Prompt: Your copy should match the records below exactly, except for the pictures.

Stored records
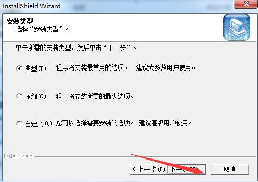 6、该向导框通过三个单选按钮要求用户选择一种安装类型,如果选择典型则程序将安装最常用的选项,一般为推荐选项;如选择压缩则程序将安装所需的最少选项;自定义选项则是为高级用户所设计的;在本使用手册中我们向用户介绍是选择典型后的安装。在选择典型后单击“下一步”按钮,弹出如下图所示的向导框:
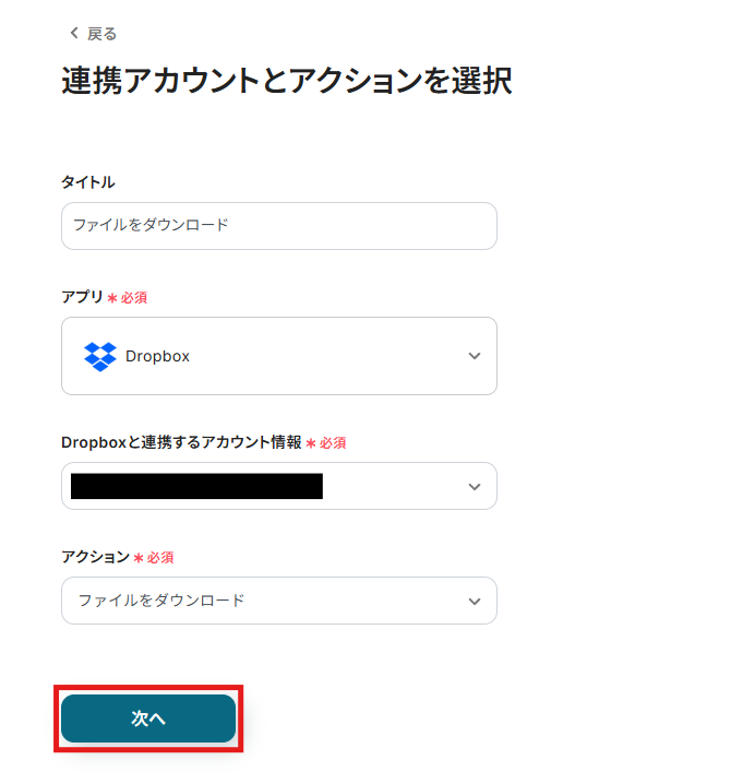 (2)Dropboxと連携するアカウント情報を任意に設定し、アクションはテンプレート通りに「ファイルをダウンロードする」のまま「次へ」をクリックして進んでください。
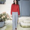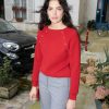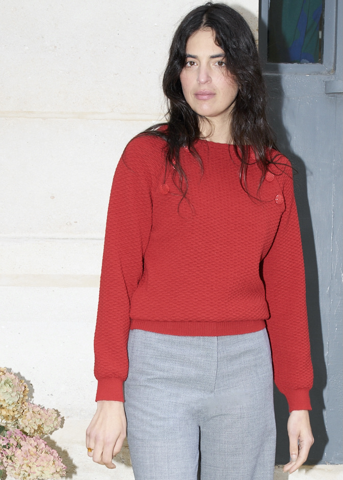 Textured knit boat neck sweater. It has two diagonal nautical style openings on each side of the neckline decorated with custom made glass buttons.
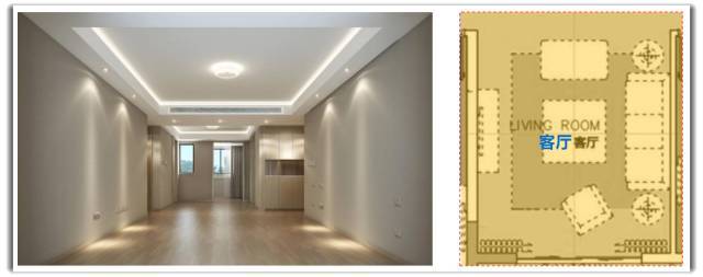 加之客廳朝南的設計,并配備寬度超過6m的觀景陽臺,將室外引入室內,增加的采光,使空間尺度進一步放大。
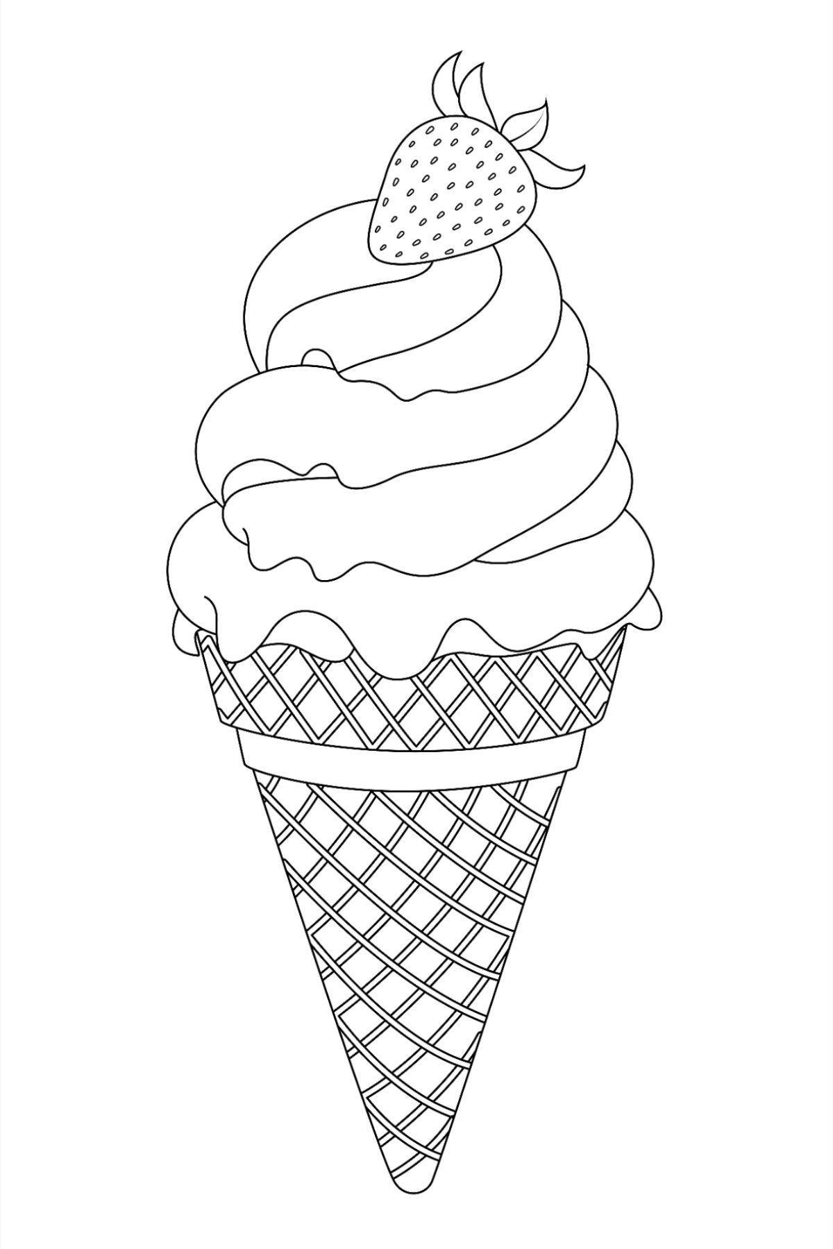 Мороженое с клубникой в вафельном рожке
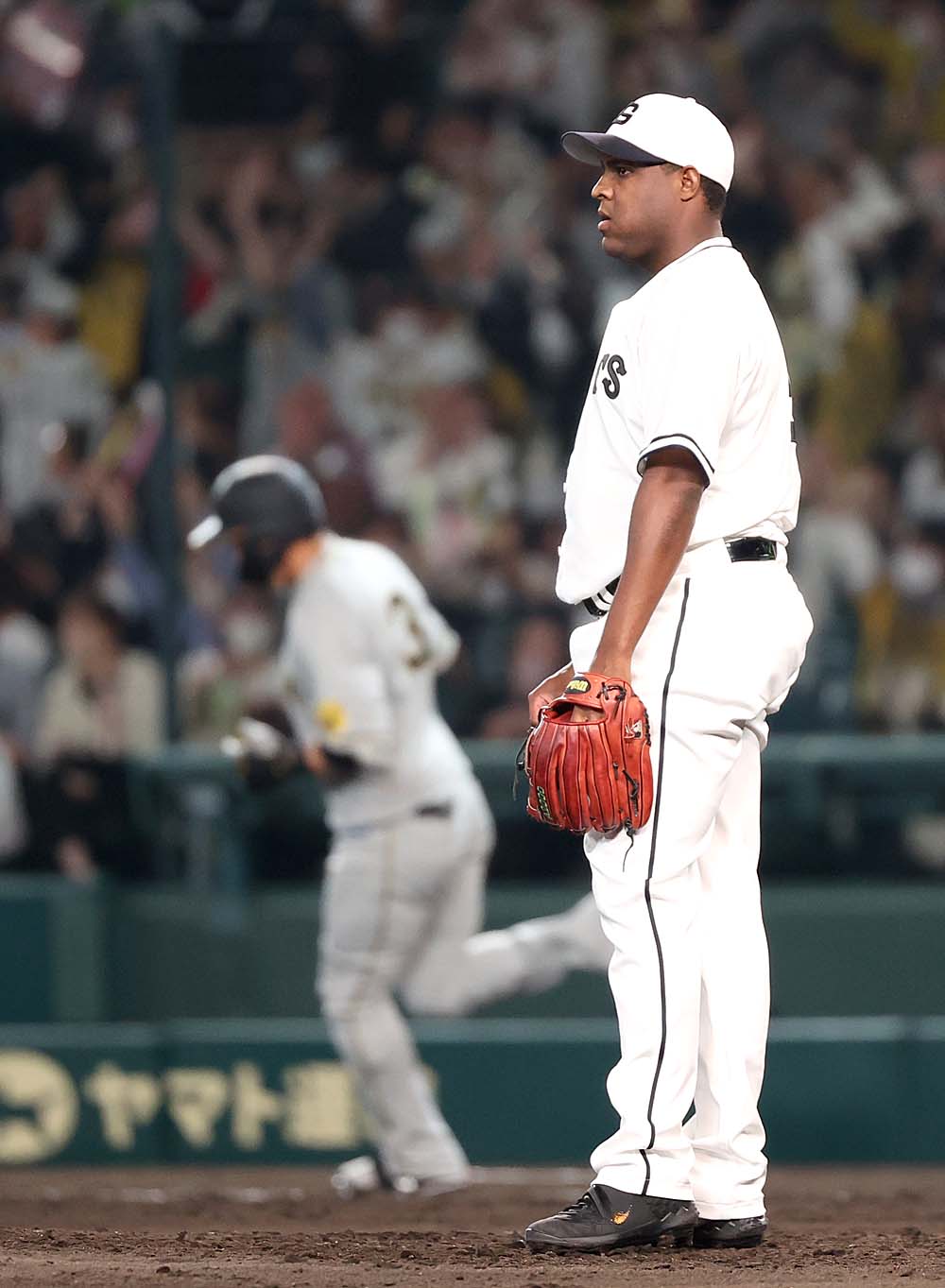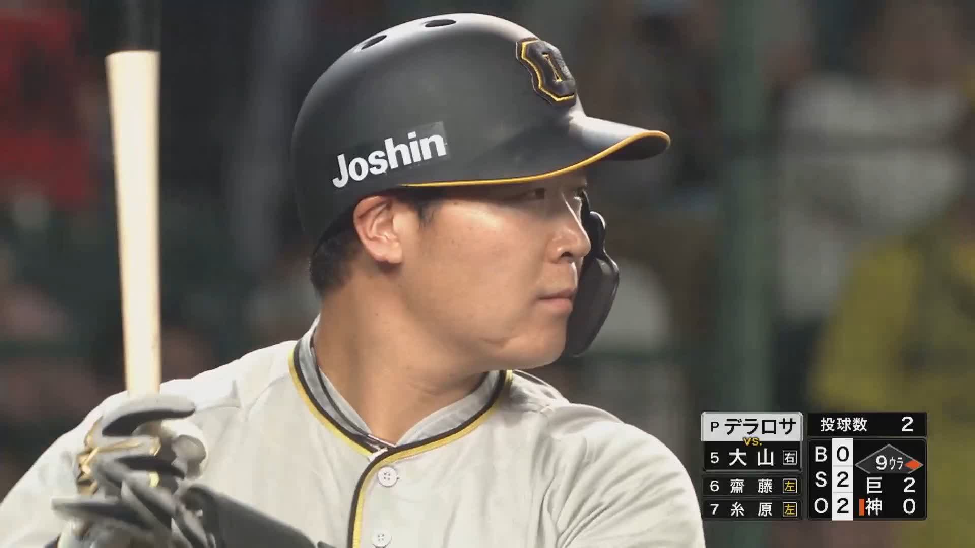 #今村信貴 投手が登板。二死を奪うも安打を浴びたところで #デラロサ 投手に交代。デラロサ投手が大山選手に同点本塁打を浴びる。
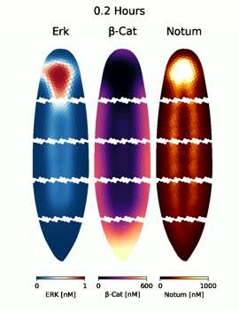 video: Calculated redistribution of morphogens Erk, beta-Cat, and Notum after flatworm fragmentation. Re-set gradients help determine head-to-tail polarity in fragment regeneration
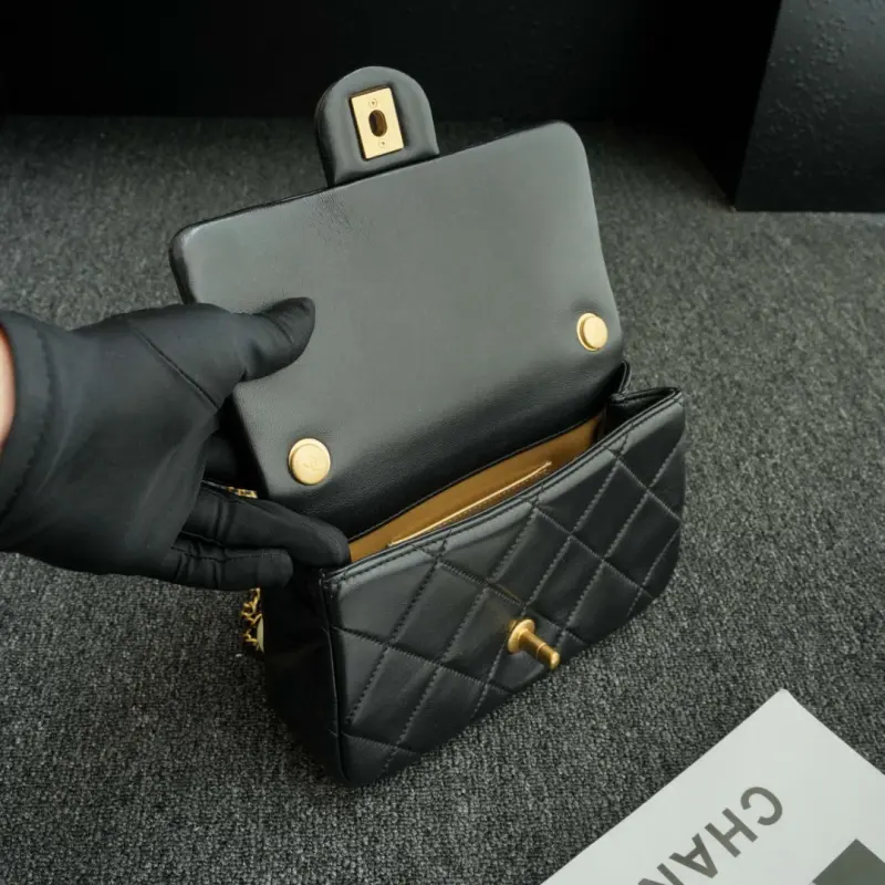 24s Double Pearl-Sheepskin-Large-Black Gold Size:13×20.5×6.5c
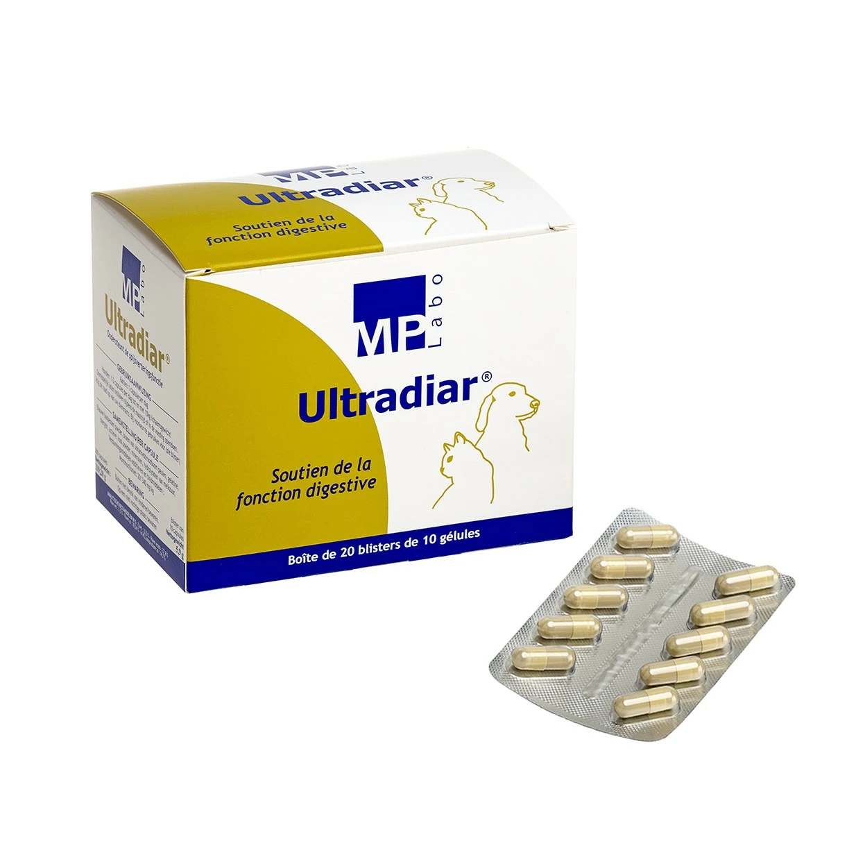 Ultradiar a une double action chez le chien et le chat : soutien de la fonction digestive et maintien de l’équilibre naturel de la flore intestinale. Pour en savoir plus, consultez la rubrique « Autres informations ».
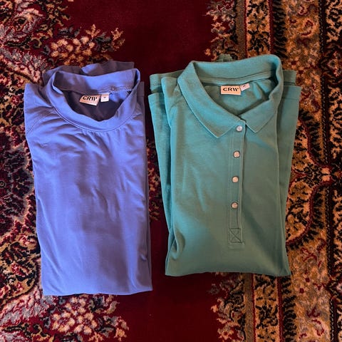 Vit pikétröja avsedd för ridning i storlek 146/152 för barn. Märket är Horze Crescendo. Tröjan har blåa detaljer på armarna och broderat silver på vänster sida bröstkorgen. Den har också fem knappar i form av silvriga strass-stenar. Sällan använd och i bra skick. Inga synliga tecken efter användning.
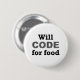 Will Code for Food button. Who doesn't love computer geek humour? Buy this funny button for yourself or as a gift for that special computer programmer in your life!

Exercise answer:
 6、该向导框通过三个单选按钮要求用户选择一种安装类型,如果选择典型则程序将安装最常用的选项,一般为推荐选项;如选择压缩则程序将安装所需的最少选项;自定义选项则是为高级用户所设计的;在本使用手册中我们向用户介绍是选择典型后的安装。在选择典型后单击“下一步”按钮,弹出如下图所示的向导框:
 (2)Dropboxと連携するアカウント情報を任意に設定し、アクションはテンプレート通りに「ファイルをダウンロードする」のまま「次へ」をクリックして進んでください。
 Textured knit boat neck sweater. It has two diagonal nautical style openings on each side of the neckline decorated with custom made glass buttons.
 加之客廳朝南的設計,并配備寬度超過6m的觀景陽臺,將室外引入室內,增加的采光,使空間尺度進一步放大。
 Мороженое с клубникой в вафельном рожке
 #今村信貴 投手が登板。二死を奪うも安打を浴びたところで #デラロサ 投手に交代。デラロサ投手が大山選手に同点本塁打を浴びる。
 video: Calculated redistribution of morphogens Erk, beta-Cat, and Notum after flatworm fragmentation. Re-set gradients help determine head-to-tail polarity in fragment regeneration
 24s Double Pearl-Sheepskin-Large-Black Gold Size:13×20.5×6.5c
 Ultradiar a une double action chez le chien et le chat : soutien de la fonction digestive et maintien de l’équilibre naturel de la flore intestinale. Pour en savoir plus, consultez la rubrique « Autres informations ».
 Vit pikétröja avsedd för ridning i storlek 146/152 för barn. Märket är Horze Crescendo. Tröjan har blåa detaljer på armarna och broderat silver på vänster sida bröstkorgen. Den har också fem knappar i form av silvriga strass-stenar. Sällan använd och i bra skick. Inga synliga tecken efter användning.
 Will Code for Food button. Who doesn't love computer geek humour? Buy this funny button for yourself or as a gift for that special computer programmer in your life!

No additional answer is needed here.